» Task details
Among the entries below, find the line with "В основе дизайна" and the line with "클레이시티 빌딩 NFT 민팅은 10월말 or 11월 초에 진행될 예정이다.". Return exactly those lines and every line between them, but no pictures.

» Task input
>>>>>

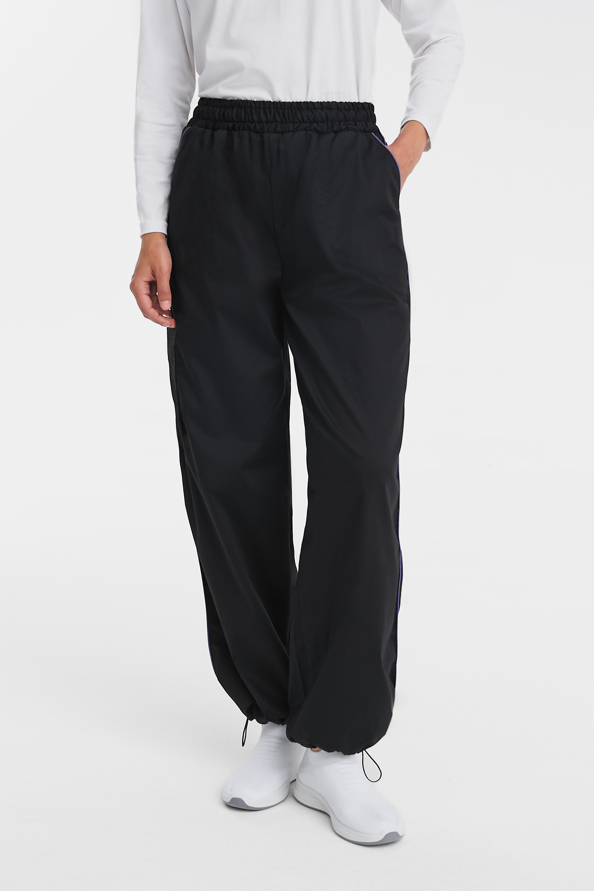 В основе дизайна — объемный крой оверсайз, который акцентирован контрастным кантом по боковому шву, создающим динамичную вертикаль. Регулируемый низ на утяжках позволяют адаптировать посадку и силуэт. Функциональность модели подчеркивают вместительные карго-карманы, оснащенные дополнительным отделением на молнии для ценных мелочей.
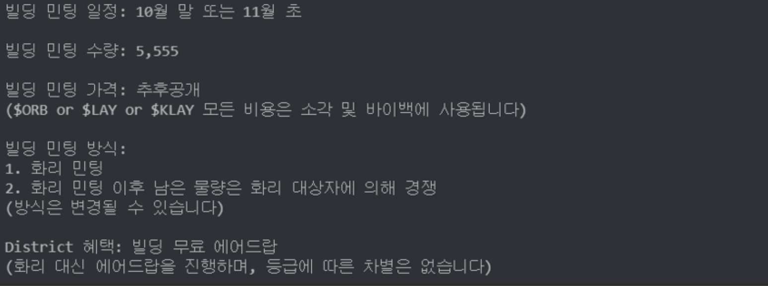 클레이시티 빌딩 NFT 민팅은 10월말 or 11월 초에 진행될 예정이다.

<<<<<
>>>>>

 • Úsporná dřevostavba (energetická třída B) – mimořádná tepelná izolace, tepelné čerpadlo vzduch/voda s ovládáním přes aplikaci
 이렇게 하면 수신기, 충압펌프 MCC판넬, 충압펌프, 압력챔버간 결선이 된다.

<<<<<

» Response
 В основе дизайна — объемный крой оверсайз, который акцентирован контрастным кантом по боковому шву, создающим динамичную вертикаль. Регулируемый низ на утяжках позволяют адаптировать посадку и силуэт. Функциональность модели подчеркивают вместительные карго-карманы, оснащенные дополнительным отделением на молнии для ценных мелочей.
 클레이시티 빌딩 NFT 민팅은 10월말 or 11월 초에 진행될 예정이다.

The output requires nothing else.